Scan the records below for the line with "爵士16号秀 基昂特-乔治 出战26.7分钟" and the line with "Taskip Contact Us Page #", and retype that range exactly, both ends included, pictures excepted.

┌────────

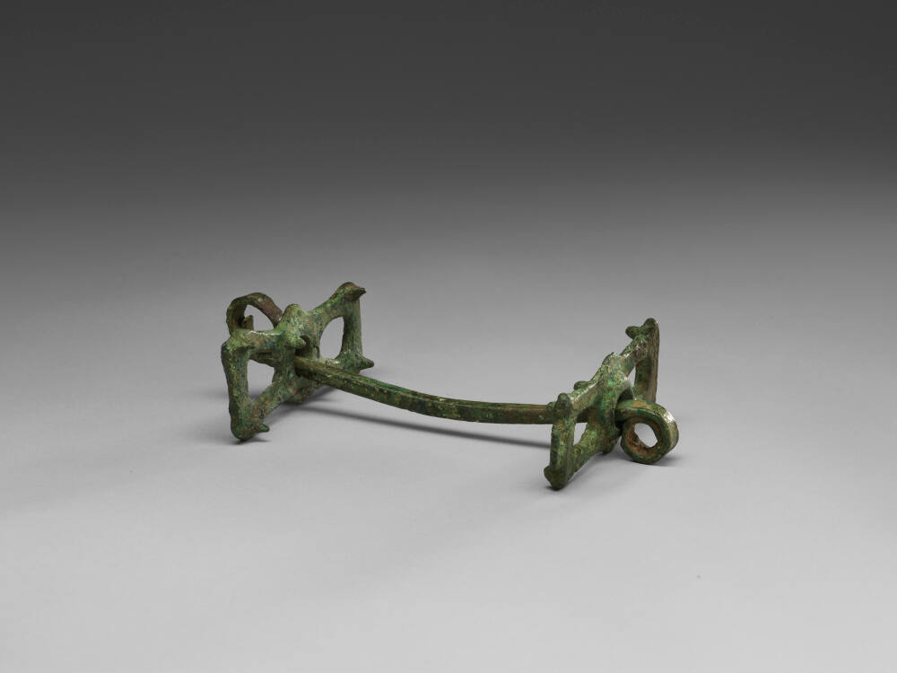 DescriptionThe horsebit is composed of two identical cheekpieces and a bar joining them. Each cheekpiece is rectangular with a design in open-work composed of an X whose ends join the corners.
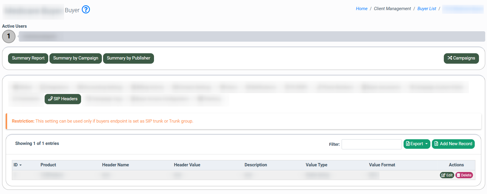 To set up or edit the SIP Headers feature for the Buyer, go to the Client Management > Buyer List section, click the “Settings” button and select the “SIP Headers” tab.
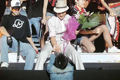 上演勇救歌迷一幕,再上舞台的华仔,获得现场6万多观众欢呼:“华仔我爱你!”华仔在台上说:“我知道保安、警卫你们都是为我好,对不起让你们担心,我没事,我很好。”接着也要教训该卤莽歌迷说:“演唱会有演唱会的规矩,歌迷再热情也要顾安全不应该乱闯,想跟我接触只要加入‘华仔天地’就可以,不要用一些不安全方法让我担心,也让保安及警卫他们为难。”
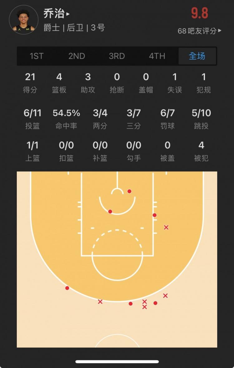 爵士16号秀 基昂特-乔治 出战26.7分钟
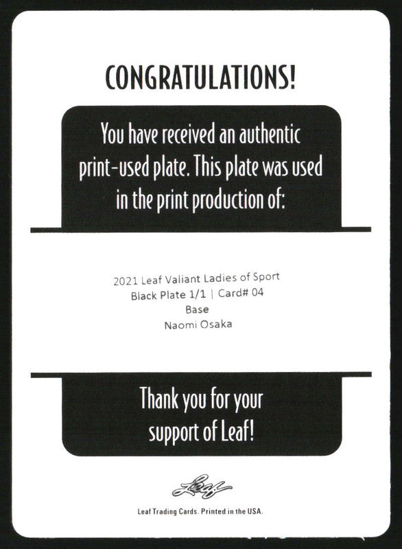 2021 Leaf Valiant Ladies of Sport Printing Plate Black Naomi Osaka 1/1
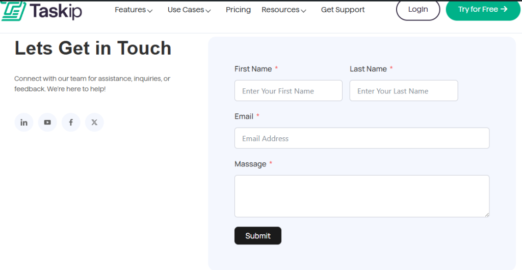 Taskip Contact Us Page #
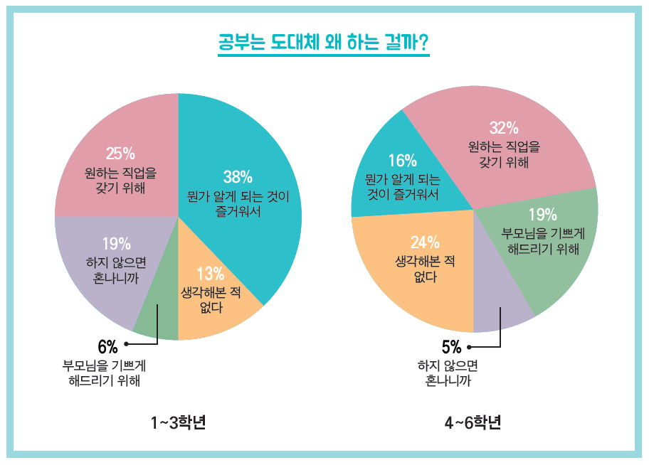 공부를 왜 하느냐는 질문에 나를 위해 한다는 답을 하는 경우는 의외로 많지 않습니다. 하지 않으면 혼나니까(=부모님이나 선생님을 위해), 부모님을 기쁘게 해드리기 위해(=부모님을 위해), 친구들이 다들 하니까(=친구 관계를 위해), 생각해본 적 없다(=아무 생각없이 한다)는 의견이 많죠. 절반 이상으로 나오는 통계도 드물지 않고요.
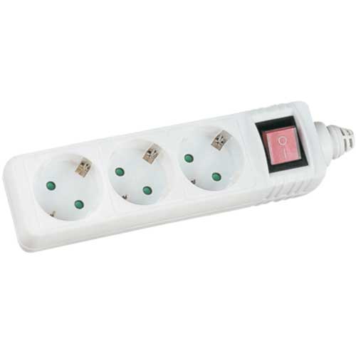 Power strip, white, 3-fold, with power-switch, 3m supply cable, with children protection
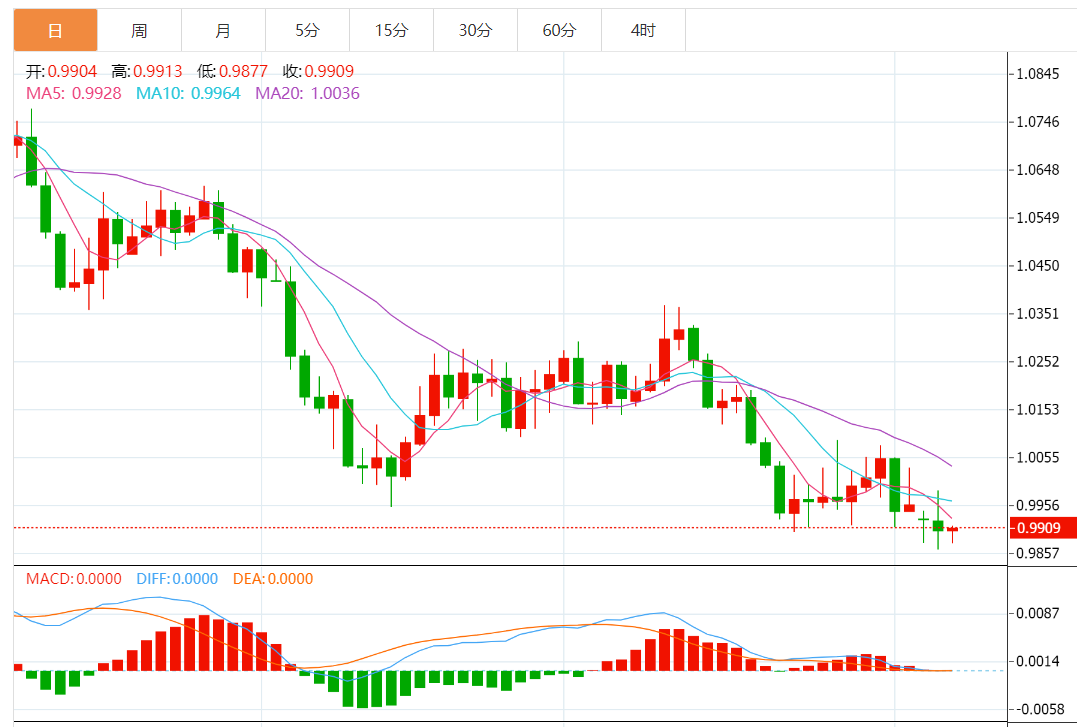 技术上,欧元兑美元短暂跌破2000/2008年升势的78.6%斐波回档位0.9900,虽然汇价尚未持续性跌破该位,但终将取得决定性突破。这将为汇价指向我们的目标位0.9609/0.9592扫清道路。
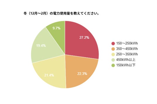 - 冬の電力使用量で最も多かったのは「150~250kWh」で27.2%
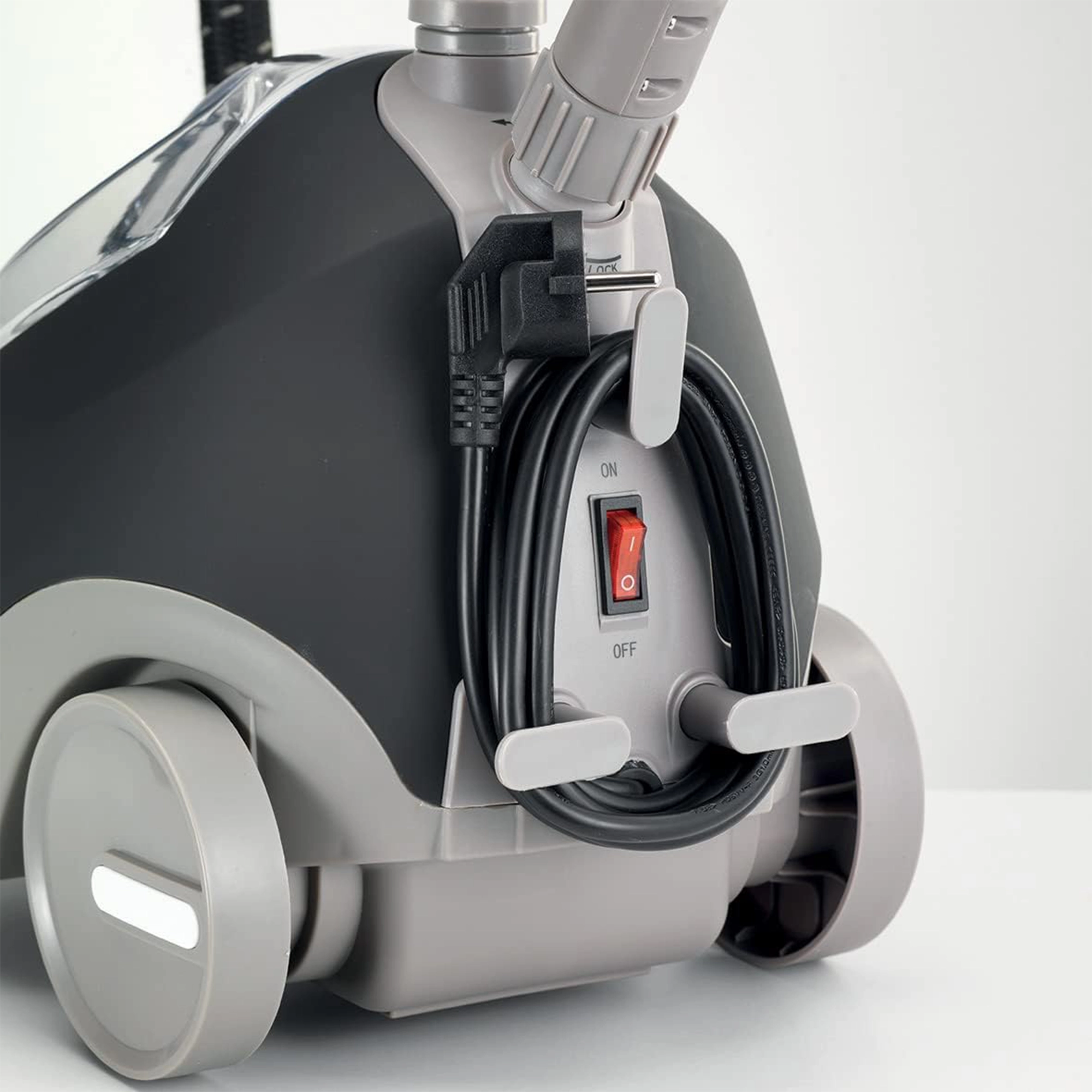Les accessoires incluent un cintre pliable et une pince pour pantalon/gant. Cordon d’alimentation de 1,7 m et tige télescopique pour plus de flexibilité et de contrôle.
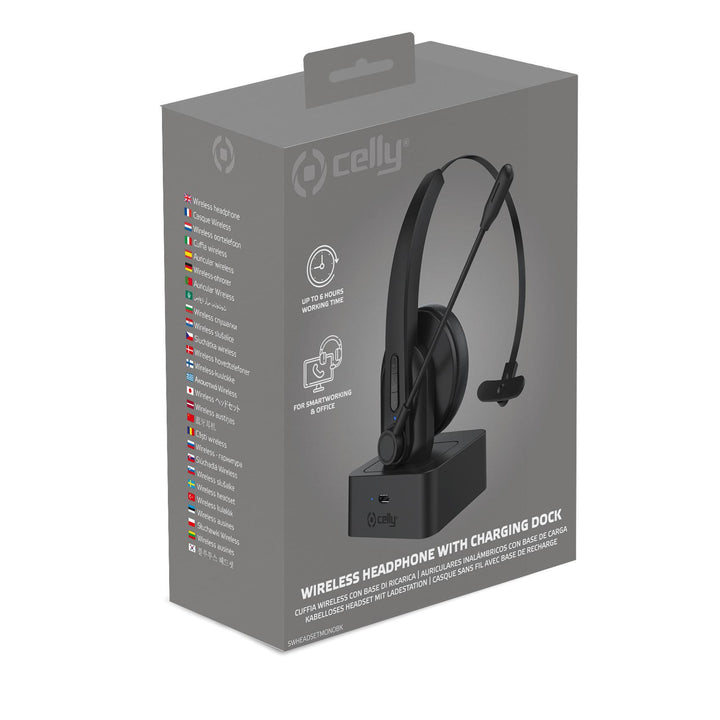 Celly SWHEADSETMONO Auricolare Wireless A Padiglione Ufficio Bluetooth Base di ricarica Nero
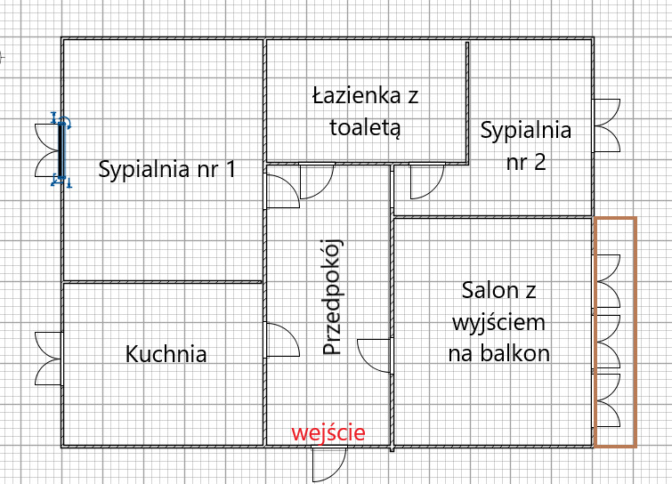 Z dużego pokoju jest wyjście na balkon.
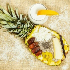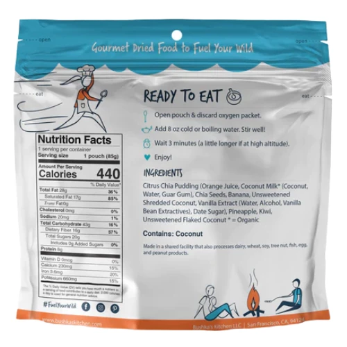 Ingredients:Â Citrus Chia Pudding (Fresh Orange Juice, Coconut Milk (Coconut, Water, Guar Gum), Chia Seeds, Banana, Unsweetened Shredded Coconut, Vanilla Extract (Water, Alcohol, Vanilla Bean Extractives), Date Sugar), Pineapple, Kiwi, Unsweetened Flaked Coconut
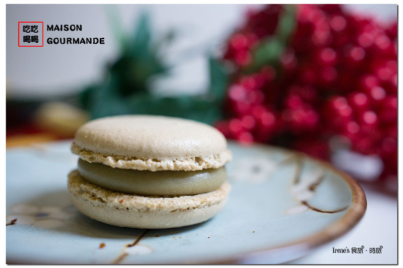 馬卡龍,也是很經典的法式甜點,純粹是因為抹茶口味才挑選;
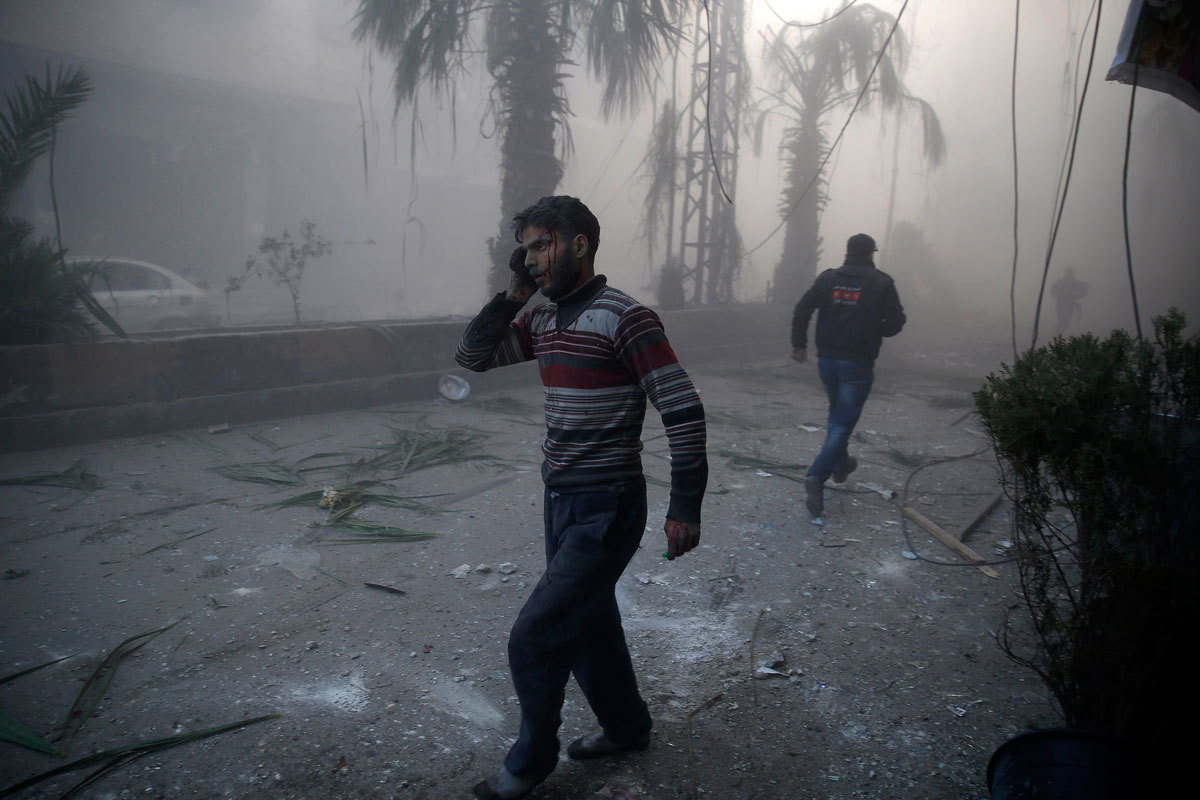 Sakeer Al Doumy forAgence France-Presse.A wounded man walks out of a dust cloud following reported airstrikes in the town of Hamouria, Syria, 09 December 2015.
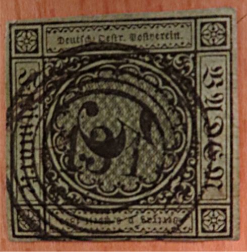 3 Kreuzer Baden 1853 – schwarz auf grün – Fünfring – Nummernstempel 131
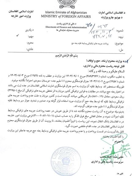 در این مکتوب همچنین تصریح شده که عربستان سعودی بهعلت «عدم پرداخت جریمههای ترافیکی وسایط نقلیه که از سوی بعثه حج آن وزارت مورد استفاده قرار گرفته بود» صدور و تمدید جواز سیر وسایط نقلیه جنرال قنسولگری طالبان مقیم جده را متوقف کرده است.
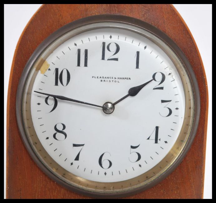 An Edwardian mahogany inlaid spire shaped mantel clock with enamel dial being marked for Pleasance & Harper, Bristol. 21cm high 14cm wide.
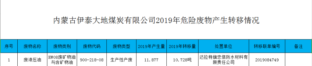 内蒙古伊泰大地煤炭有限公司2019年危险废物产生转移情况 <span>发布时间:2020-08-06</span> | <span class="views">关注:<b id="viewCountId">4144</b></span> | <a href="javascript:void(0)" class="print"><i class="ion"></i></a> 大地精煤矿2019年危废转移联单.pdf 返回列表 上一条 下一条
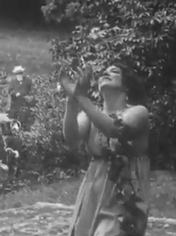 左は『巴里一九〇〇』(Paris Mille Neuf Cent)でのレジーナ・バデ。1910年に撮影されたもので、アントワーヌ座の楽屋で窓際に立ってカメラを見つめる短い動画。中央と右の二枚は同時期の屋外パフォーマンス動画より。
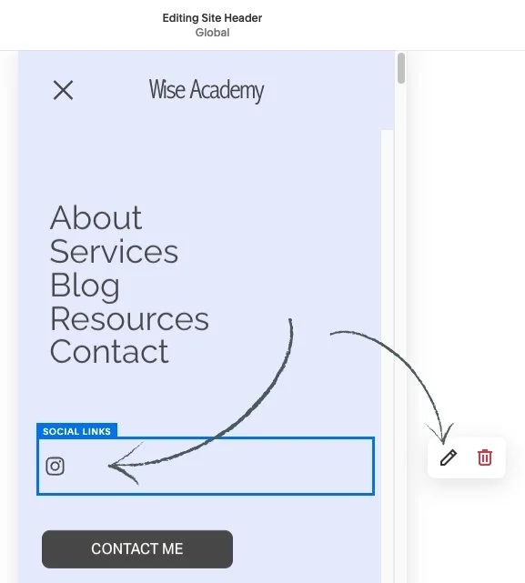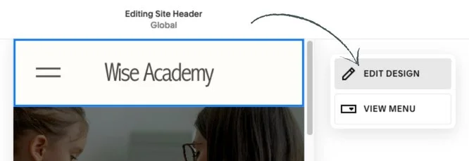 Hover over the very top of your Mobile screen and click Edit Site Header.
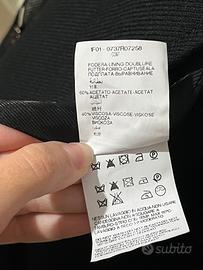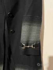 Colore nero con dettaglio sfumato grigio su maniche e fondo, bottoni frontali e fibbie decorative ai polsini.
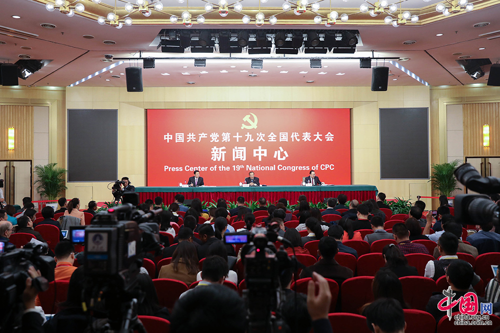10月19日,十九大新闻中心举行记者会,图为现场。中国网记者 董宁 摄

└────────

- [RESPONSE FOR THIS EXERCISE]:
 爵士16号秀 基昂特-乔治 出战26.7分钟
 2021 Leaf Valiant Ladies of Sport Printing Plate Black Naomi Osaka 1/1
 Taskip Contact Us Page #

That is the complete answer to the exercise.